I have a weird error coming up while using DiscreteUniform distribution. My belief was that declaring a random variable with DiscreteUniform(lower=0, upper=n-1) distribution or with Categorical(p=[1/n, …, 1/n]) distribution will produce exactly the same result.

However, while model1 (specified below) has the expected behaviour, model2 (also specified below) produces errors at sampling (an index out of bound which seems to come from the declaration of mu).

model1 = pm.Model()

with model1:
   X = pm.Categorical('X', p=[1/2, 1/2])
   t = T.as_tensor_variable([1, 2])

   mu = t[X]

   Y = pm.Normal('Y', mu=mu, sd=0.01, observed=2) 

model2 = pm.Model()

with model2:
   X = pm.DiscreteUniform('X', lower=0, upper=1)
   t = T.as_tensor_variable([1, 2])

   mu = t[X]

   Y = pm.Normal('Y', mu=mu, sd=0.01, observed=2)

Have I missed something in the definition of Categorical and DiscreteUniform distributions or should I open an issue on Github ? Thanks in advance !

I use PyMC3 (v3.2) and Theano (v1.0.1) with Python 3.6.4 on Mac OS X.

I think this is a bug (I remembered seen it before but cant seems to find it in Github issue). It would be great if you can open an issue for this :slight_smile:

Thank you for answering so quickly ! I am going to open an issue right now.

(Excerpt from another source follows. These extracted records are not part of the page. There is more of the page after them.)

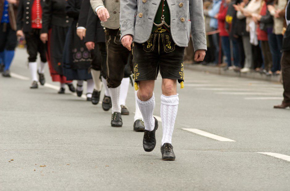 The most famous version of this outfit also comes with a crop top, knee-high white socks, and a blazer. The whole look actually looks pretty cool, and your best bet for seeing it would be Munich’s annual Oktoberfest , where you’ll stick out like a sore thumb in casual clothes.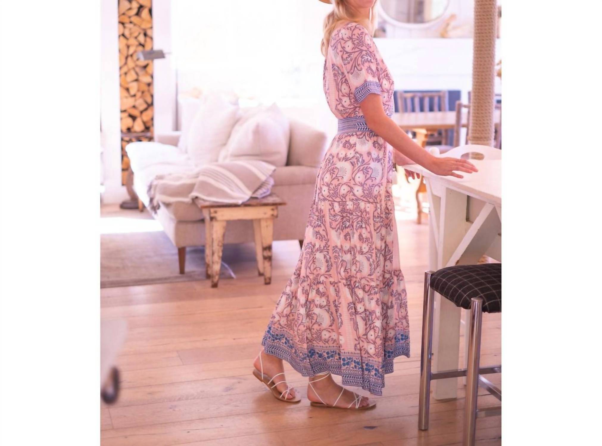 Introducing the Bianca Maxi Dress by BELL in a vibrant Salmon Teal Print, designed for chic versatility. This dress features short sleeves and a flowing A-line silhouette crafted from buttery soft viscose with artisanal hand block-printing. Its charming tassel-tie neckline and elastic back waist enhance both comfort and style, making it ideal for summer getaways and casual outings. With a boho chic vibe, this dress is perfect for your vacation wardrobe.
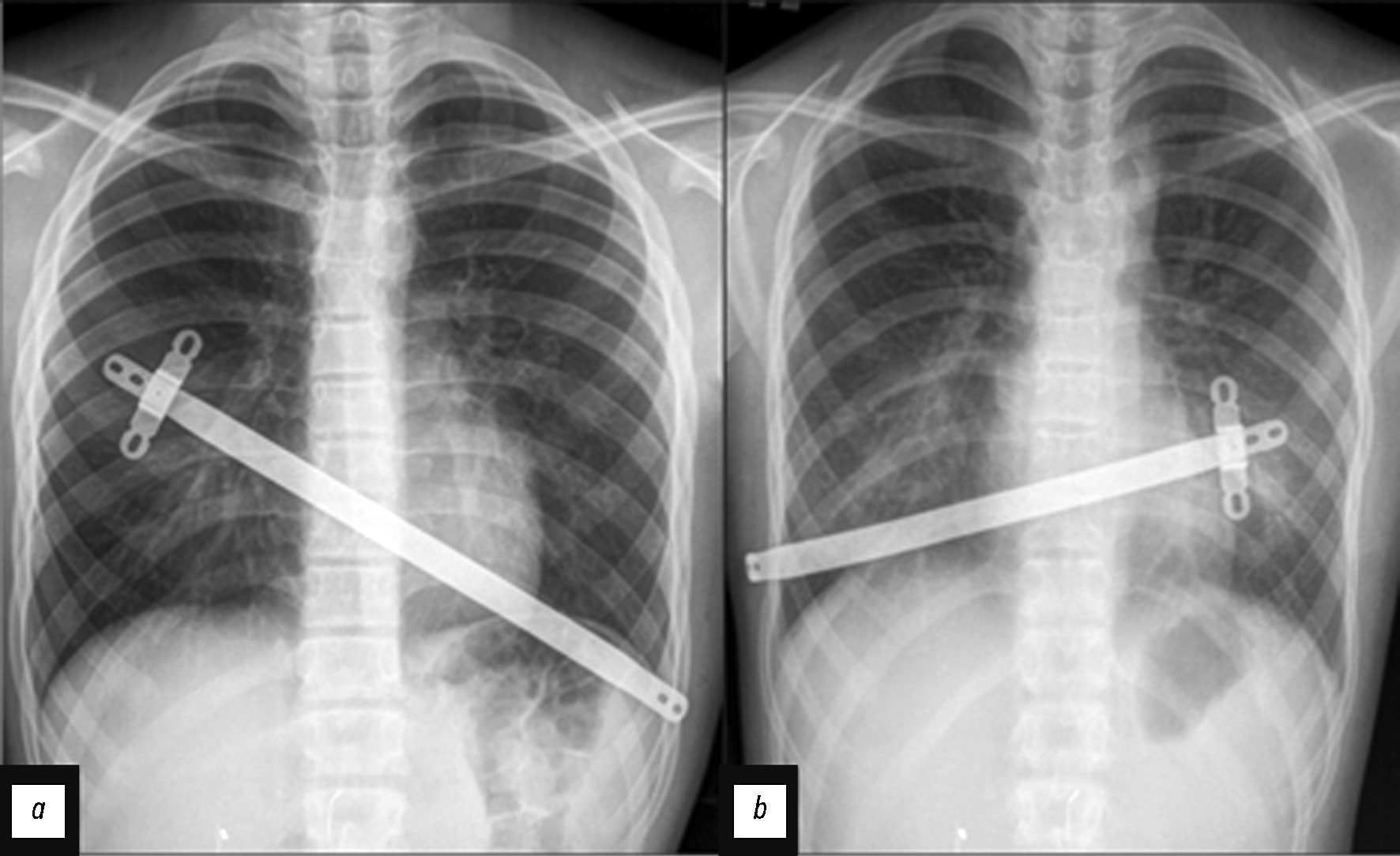 Fig. 6. Frontal chest X-ray following pectus excavatum treatment. Plates positioned if the angle opens: (a) right; (b) left.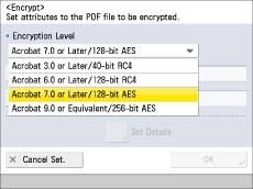 If you select [Acrobat 10.0 or Equivalent], [Acrobat 10.0 or Equivalent/256-bit AES] is displayed when selecting the encryption level.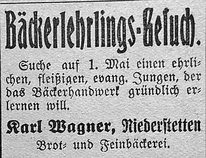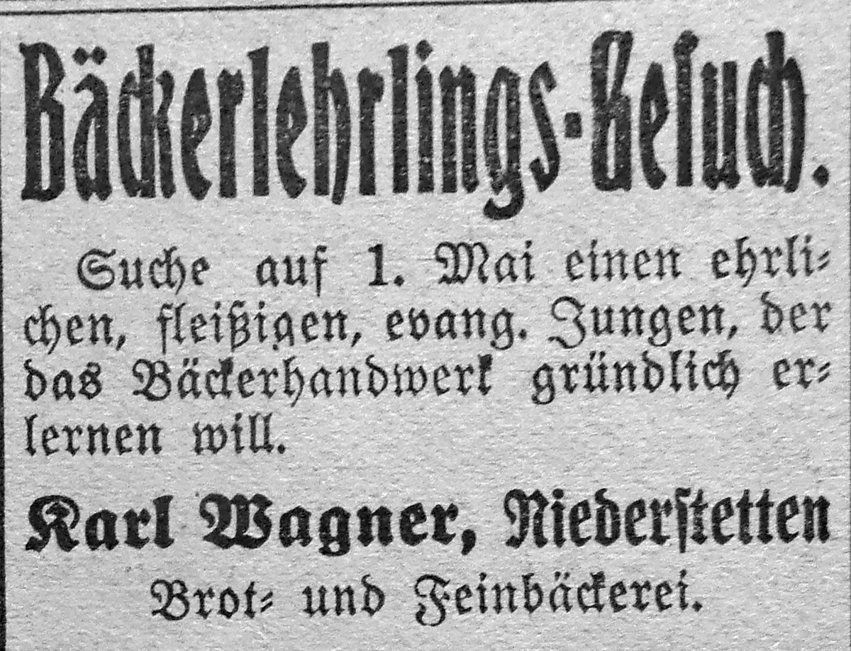 18. Februar 1937. Anzeige Karl Wagner sucht Bäckerlehrling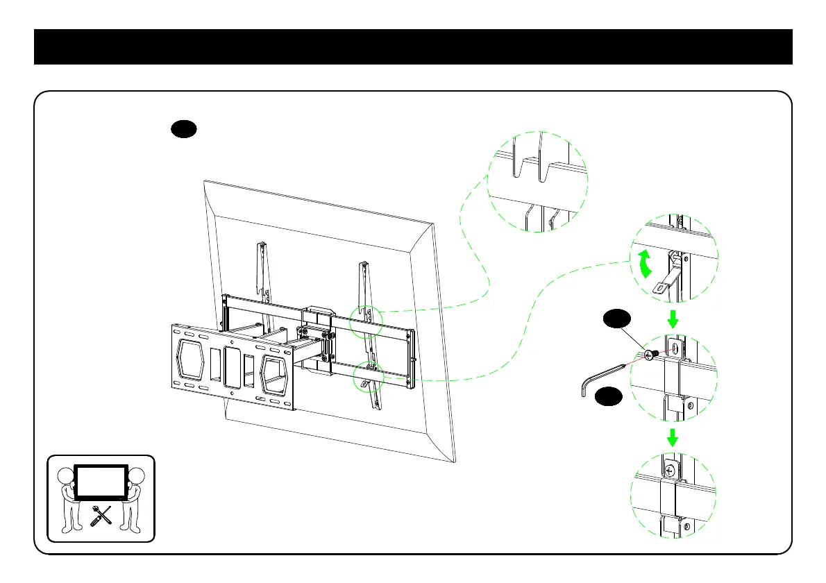 Hang TV/bracket assembly onto wall plate, wrap clips on bracket around extension arms and tighten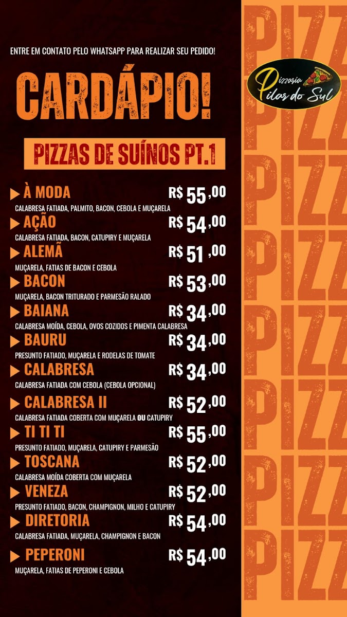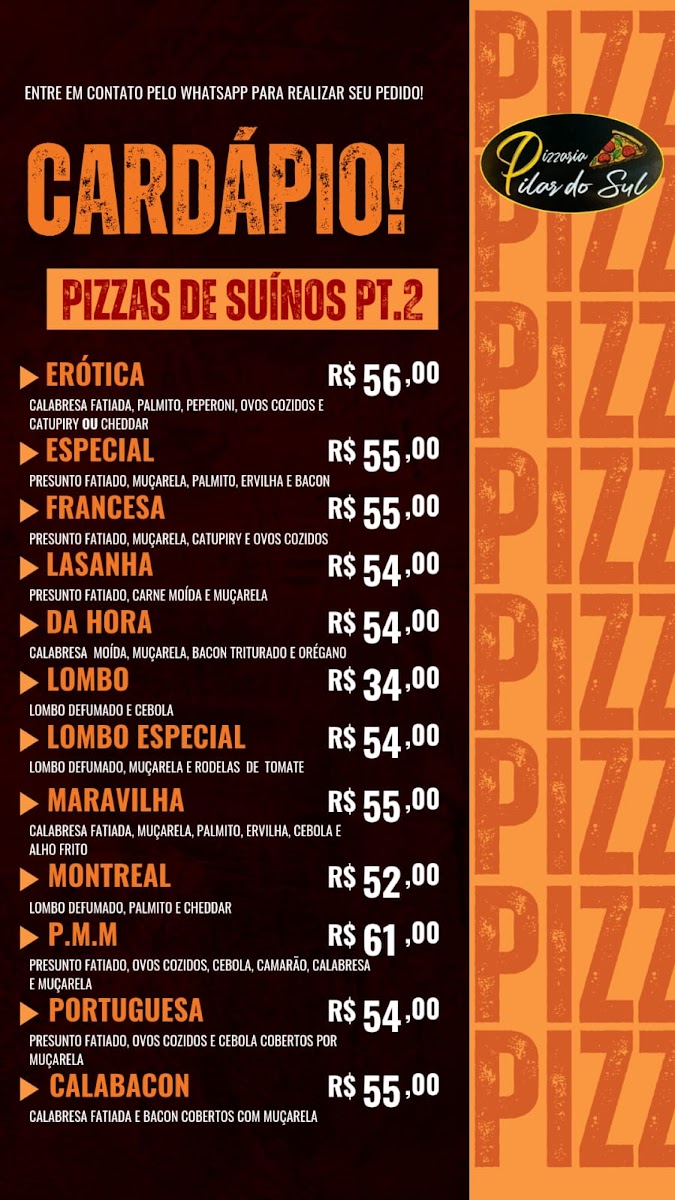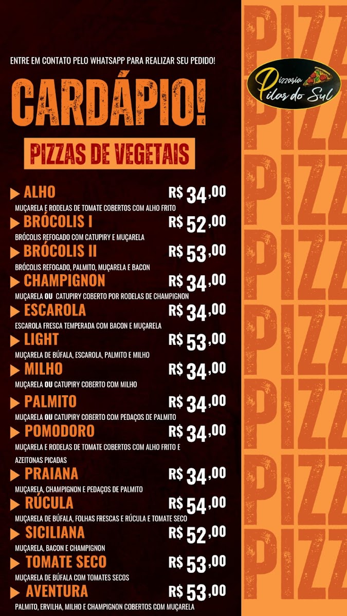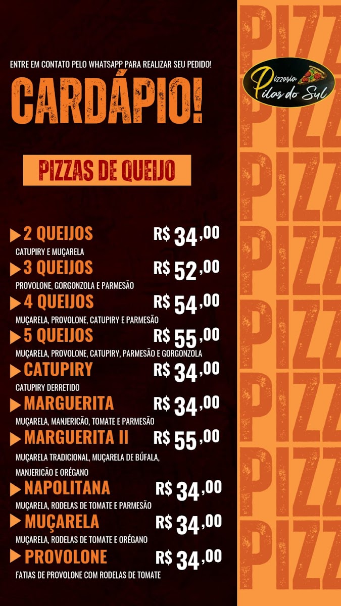 Pizzaria Pilar do Sul in São Paulo is a go-to destination for pizza lovers seeking variety and flavor. Their menu shines with diverse options, highlighting pizzas loaded with cheese, fresh vegetables, poultry, and a selection of pork specialties. Each category promises rich, well-crafted recipes that cater to different tastes, making every visit a culinary adventure.

Just to explain it further: the default Proposal distribution, in this case, is not good: it makes proposal outside of the supported range. Usually, in Metropoli it is not a big deal because the proposal is just get rejected. However, in this case because it propagates to the next logp evaluation in Normal, where it is trying to index to t, which cause the error.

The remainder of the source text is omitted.